:: Directions ::
Output the entries below word for word, stopping once the line containing "Our mission is" is done, and omit each picture.

:: Records supplied ::
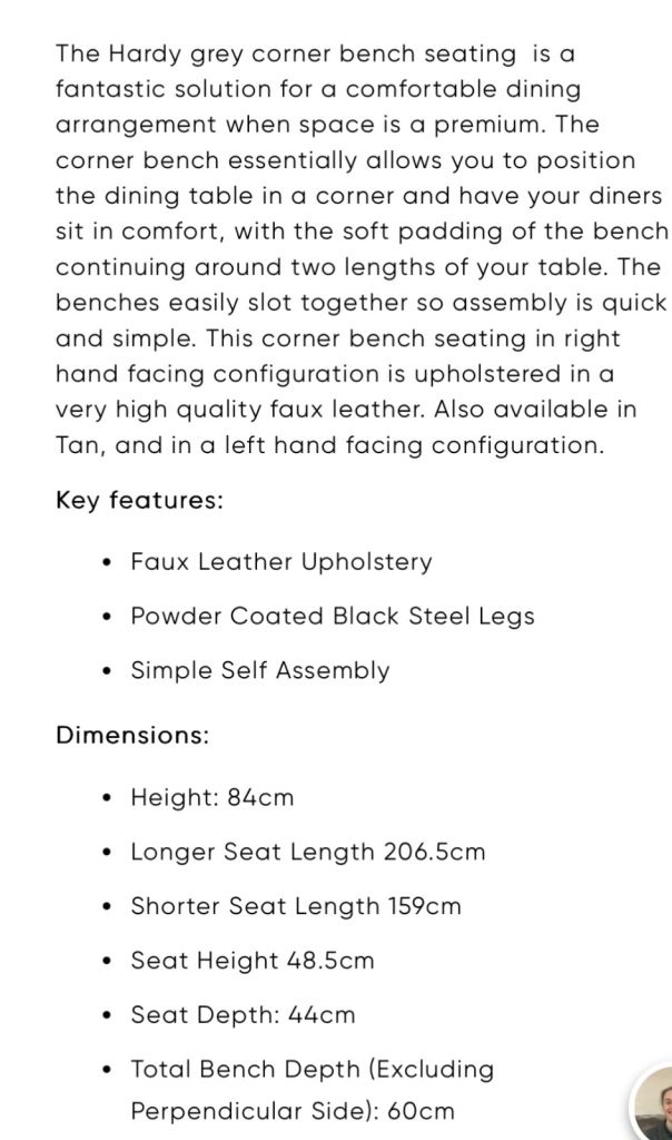 Hardy Corner Bench Unit Right Hand Facing. Unit made up ready for transport. Easy to assemble Purchased May 2025 no longer required. A very comfortable Sturdy high quality faux Leather sprung seating unit in a Grey mix finish. Supports made in Continuous Black Steel tubing light and strong.
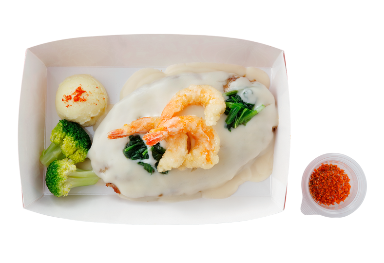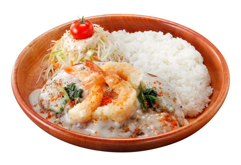 どこかホッとする、やさしい味わいのホワイトクリームで仕上げたハンバーグディッシュです。サクサク食感のフライドシュリンプがアクセント。
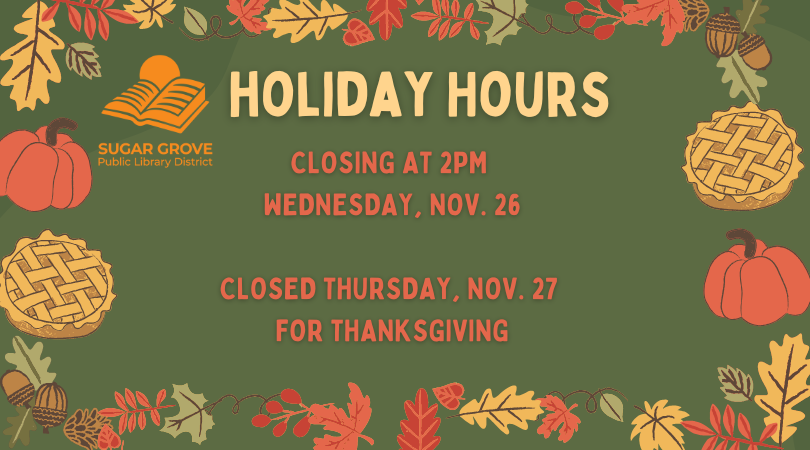 Our mission is to be a unique resource to offer open access to information that fosters a passion for reading, learning, and the exchange of ideas. As the heart of our community, we support democracy, citizenship, and the cultural growth of the Sugar Grove Public Library District.
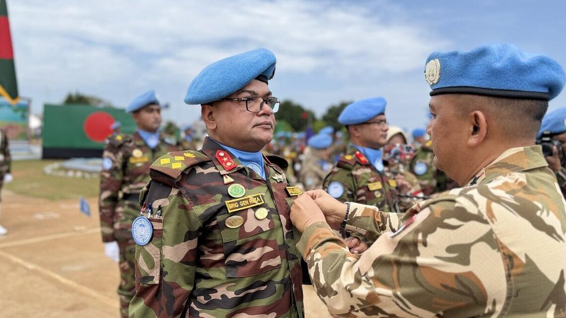 La 11ᵉ rotation du contingent bangladais (BANBAT-11) et la 3ᵉ rotation de l’unité médicale BANMED-2/3, en charge de la clinique bangladaise de niveau 2, sont arrivées au terme de leur mission au sein de la MINUSCA. En reconnaissance du professionnalisme et du dévouement de ces Casques bleus engagés pour la protection des civils et la stabilisation de la République centrafricaine, ils ont été décorés ce mercredi 5 novembre 2025 à Bouar.
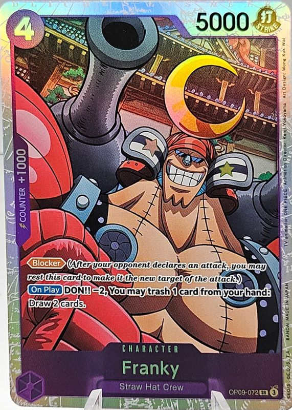 Franky's One Piece cards are available in at least 6 sets. Franky's biggest 7-day price movers are 2024 Emperors in the New World #OP09-072 Super Rare (Alternate Art), 2024 Emperors in the New World #OP09-072 Super Rare, and 2024 500 Years in the Future #OP07-107 Foil (Alternate Art).
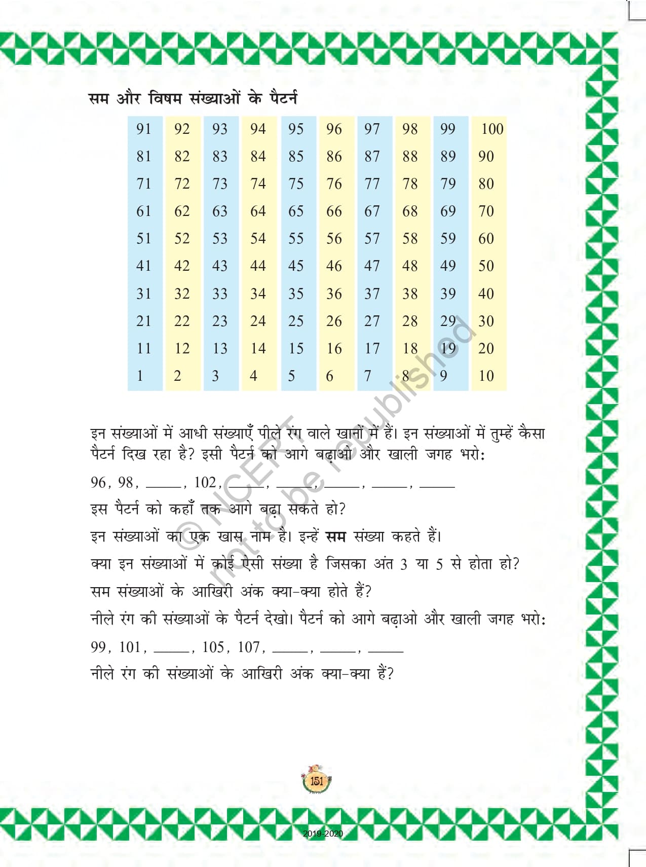 Class 3 Ncert Book गणित का जादू Chapter 10 – पैटर्न की पहचान
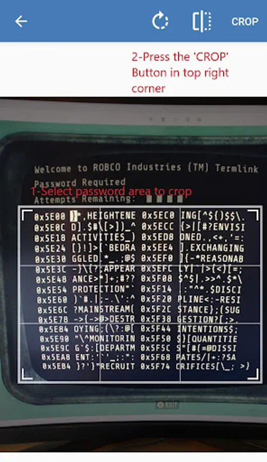 Fallout terminals can be difficult to solve. Terminal Hacker (Camera) makes the task easier by allowing you to use your camera to get the list of passwords.
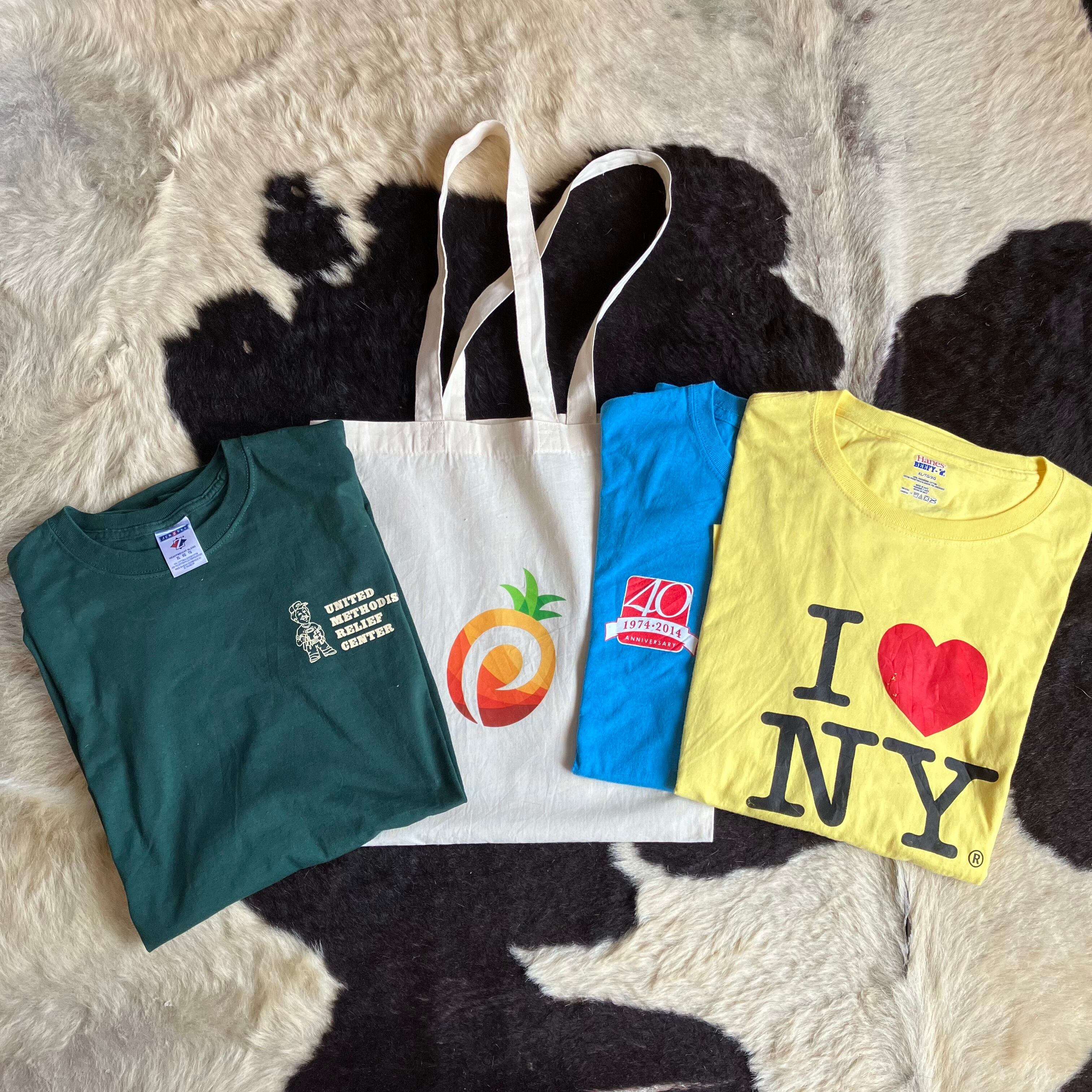 Tシャツ、トートバッグ共に、年代物ですので多少の使用感はございますが、大きなダメージもなく良い状態のものをセレクトしております。

:: Result ::
 Hardy Corner Bench Unit Right Hand Facing. Unit made up ready for transport. Easy to assemble Purchased May 2025 no longer required. A very comfortable Sturdy high quality faux Leather sprung seating unit in a Grey mix finish. Supports made in Continuous Black Steel tubing light and strong.
 どこかホッとする、やさしい味わいのホワイトクリームで仕上げたハンバーグディッシュです。サクサク食感のフライドシュリンプがアクセント。
 Our mission is to be a unique resource to offer open access to information that fosters a passion for reading, learning, and the exchange of ideas. As the heart of our community, we support democracy, citizenship, and the cultural growth of the Sugar Grove Public Library District.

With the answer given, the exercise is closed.